Introduction: 8 Channel Programmable Timer
I have been using Microchip’s PIC range of microcontroller for my projects since 1993, and have done all my programming in assembler language, using the Microchip MPLab IDE. My projects ranged from simple traffic lights and flashing LEDs, to USB joystick interfaces for R/C models, and switchgear analisers used in industry. Development took many days, and sometimes thousands of lines of assembler code.

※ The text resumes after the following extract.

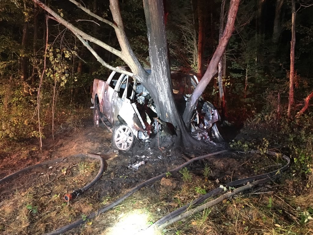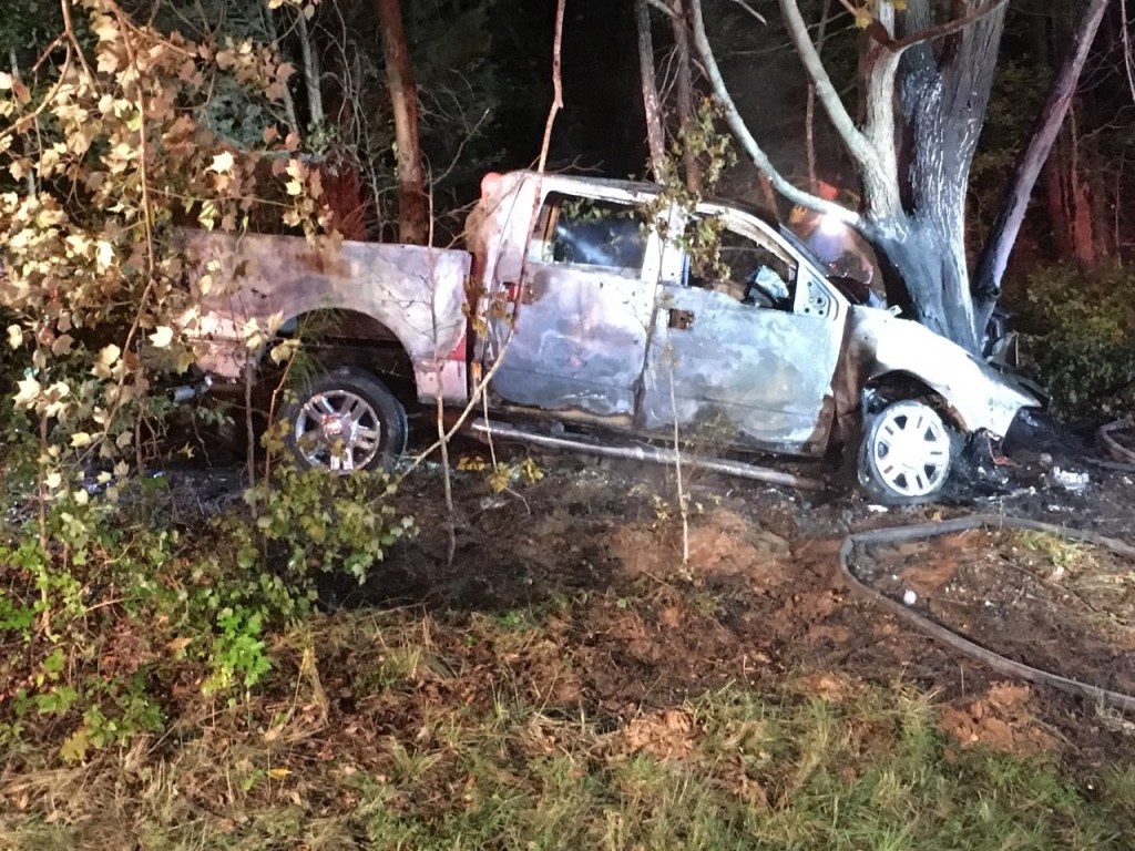 A 2008 Ford F150 headed west ran off the road to the left, struck a tree, and caught fire.

After receiving Matrix Multimedia Flowcode 4 Professional, I was quite skeptic of the software. It looked too easy to believe. I decided to give it a try, and tested all the different Component Macros, all with great success. The best part of using Flowcode was that simple projects could be coded in a single night. After playing with the I²C and a DS1307 real time clock, I decided to design the 8 Channel Timer using Flowcode. Not being a small and easy project, I believed that this would be a great project to teach myself Flowcode.
Selecting a microprocessor and other components
Due to the number of I/O pins required, it was clear that a 40 pin device will be needed. The PIC 18F4520 was chosen, mainly for its 32K program memory, and 1536 bytes of data memory. All components used, are standard through-hole devices, making it possible to build the circuit on Vero board if required. This also assisted with the development on a breadboard.
Step 1: Project Objectives
- Accurate time keeping, with battery back-up.
- All programs and data to be retained, even after loss of power.
- Simple user interface.
- Programming flexibility.
Living in an area prone to power failures, the standard 50/60Hz from the power lines will not be sufficient for accurate time keeping. A real time clock was essential, and after testing several RTC chips, I decided on the DS1307 due to its simple oscillator and battery back-up configuration. Quite accurate time keeping was obtained using only a 32.768 kHz crystal connected to the DS1307. Accuracy was within 2 second over a 2 month trial period using 4 different makes of crystals.
All the timer program data must be retained, even during power failure. With up to 100 different programs and various configuration data, it became clear that the 256 bytes of on-board EEPROM of the PIC will not be large enough. A 24LC256 I²C EEPROM is used to store all programming information.
Simple user interface
The user interface consists of only 2 items, a 16 x 4 line LCD display with LED backlight, and a 4 x 3 keypad. All programming can be done with the press of only a few buttons. Additions to the interface are an audible piezo buzzer, and visual flashing LCD backlight.
Step 2: Programming Flexibility
To ensure enough program flexibility, the timer has 100 programs which can be set individually. For each program, the On time, Off Time, Output Channels, and Day of Week can be set. Each program has three modes:
- Auto: On Time, Off time, Output Channel and Day of week is set.
- Off: The individual program can be disabled, without deleting the settings. To enable the program again,
simply select a different mode.
- Day/Night: On Time, Off time, Output Channel and Day of week is set. Works the same as the Auto mode, but will
only turn the outputs on between the On and Off times when it is dark. This enable full Day/Night control, as well
as the added flexibility to turn lights on at sunset, and off at sunrise.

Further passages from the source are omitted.